His hands fell away, and his head dropped, but not before Garnet glimpsed a raw vulnerability that made her want to weep.
“I’m not—it’s not you I’m afraid of. That is . . . I know you won’t hurt me, physically.” Somehow she had known almost from the beginning that despite his fierce temper, this man would never harm her physically.
And yet, forced to confront emotions that had quietly been intensifying over the past weeks, despair choked her as surely as the vines choking that dead tree. Words at the moment were unprofitable. Garnet faced a choice, a choice that might lead to unimaginable joy. More likely she would suffer pain far more devastating than five years of isolation and secret fear. Especially if Leah was right.
Possible joy—probable heartache. The choice remained Garnet’s alone, since she could not depend on the hope of divine intervention. She possessed neither Jacob’s unswerving faith, Meredith’s stubborn optimism, nor even Leah’s skepticism. And yet . . . freedom of choice was a gift from God as surely as the Son He had sacrificed because of it.
Slowly her hands lifted. She began to untie the ribbons with fingers that felt like jumbled kindling. Even more slowly she pulled the bonnet from her head.
Sloan, of course, had seen her without the bonnet, and had even seen her partially unclothed. This was different, and she knew they were both aware of the difference. The cloying summer air seemed to collapse, pressing down, forcing air from her lungs. A bead of moisture slipped down her temple. A rebellious strand of hair, freed from restraint, drifted along her cheek, tickled her chin.
“Thank you.” Sloan’s hands covered hers, gently prying her fingers away from their death grip on the bonnet. His gaze, serious, absorbed, moved over her face, lingering on the strand of hair. “The first time I saw you,” he murmured almost absently, “I wondered about the color of your hair. And I wanted to touch each one of these freckles.”
“My freckles?”
Beneath the mus
tache one of those rare half-smiles appeared. “You sound so astonished. Don’t tell me—you don’t like your freckles either.”
A curl of bewildering heat spiraled from her toes to her flushed freckled cheeks. Embarrassment . . . yearning . . . the chill of hopelessness. “I’ve never been able to do anything about them. Most of the time I forget they’re there, until Mrs. Kibler urges me to try another remedy she’s concocted.”
His eyes had gone all smoky and warm, their expression tender. Yet he wasn’t a physician right now. He was a man. Only in her most secret dreams had a man looked at Garnet like that—seen beyond the red hair, beyond the facade of cheerful indifference.
But she couldn’t stem the rising panic, “Sloan—don’t. I’ve changed my mind. I don’t want this. You didn’t like me at first, I knew it. I sensed it. Whatever you’re doing now . . . it’s even more difficult to bear. If you leave—”
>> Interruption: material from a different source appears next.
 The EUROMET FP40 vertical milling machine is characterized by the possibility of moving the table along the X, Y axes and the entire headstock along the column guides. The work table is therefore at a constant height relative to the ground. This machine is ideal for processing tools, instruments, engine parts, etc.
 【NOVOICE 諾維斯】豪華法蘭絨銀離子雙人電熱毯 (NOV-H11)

In a move that startled them both, Garnet leaped from the buggy. She took several halting steps, then stopped. Beneath a shaggy-barked sycamore a dogwood tree grew, its slender trunk bowed outward, away from the sycamore as the branches sought the sun. For a moment she stood, her heart thrumming like a flock of panicked birds. Then Garnet pressed her clammy forehead against the smooth trunk and willed the nausea to subside.
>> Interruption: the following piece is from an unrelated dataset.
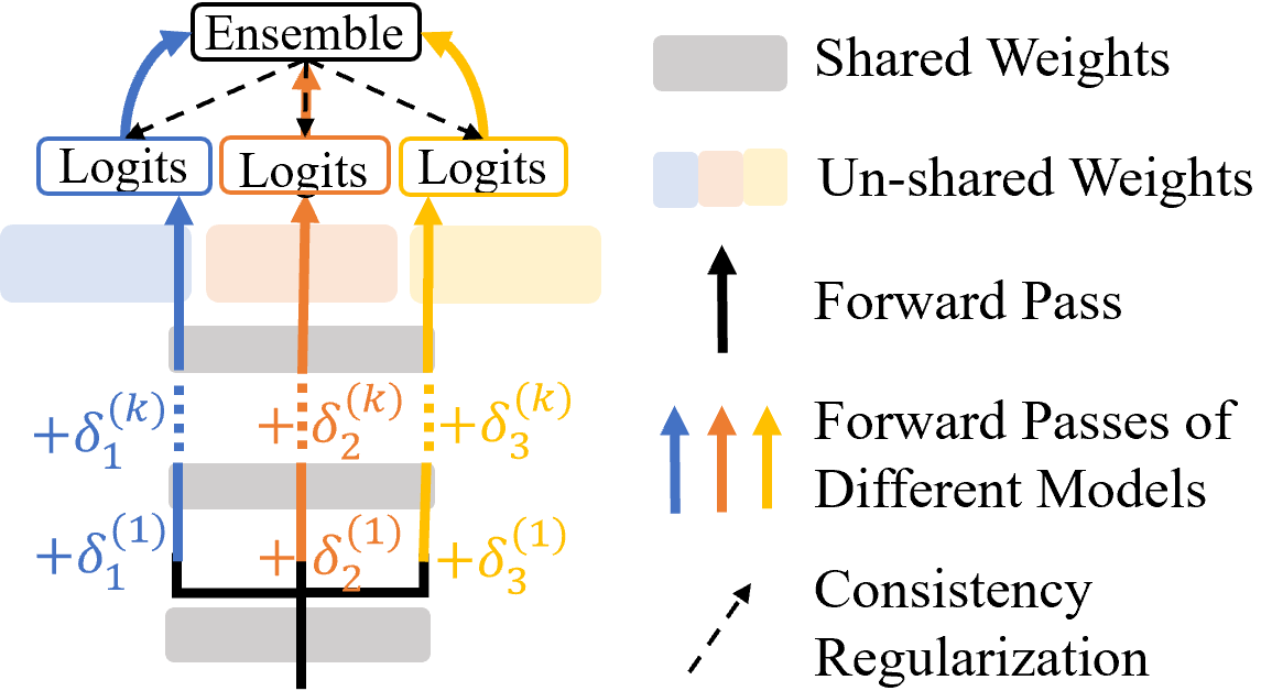 翻译:模型组合是一种流行的方法,可以产生一种低差异和广度的模型,然而,它却引起大量的记忆和推断成本,而这种成本往往无法为现实世界的部署所负担得起。现有的工作已经采用在模型之间分享权重的办法。但是,当提高共享权重的比例时,所产生的模型往往相似,使用模型组合减少的好处也相似。为了保留共同效益,同时保持低记忆成本,我们提议一种一致性和常规化的混合学习方法。具体地说,我们在所有模型中分享底层的重量,对不同模型的隐藏表示采用不同的扰动,这可以有效地促进模型的多样性。与此同时,我们采用一个预测一致性的固定化器,在受扰动的模型中控制因模型多样性而产生的差异。我们使用大语言模型的实验表明,CAMRO在保持低记忆成本的同时,大大改进了混合模型的通用性表现。具体地说,CAMERO在所有模型中比8个BER-80基准模型的标准型号要高得多。(GLUE,以0.7为基准,比GER-80M,比GLU。

She heard Sloan approach and steeled herself.
“I owe you an explanation,” he said.
He made no further statement, nor did he touch her. Garnet’s muscles loosened, one by one, until she was able to face him. She clasped her hands behind her back and leaned against the dogwood. “I want to hear whatever you need to say,” she admitted. “But I’m afraid to ask.”
His breath exhaled a long sigh. “I know. That day, in the kitchen, I was a bad-tempered oaf. My brother used to tell me—” His head jerked suddenly, and the broad shoulders turned as rigid as the Massanutten ridge. “I told you earlier that I didn’t much like people.”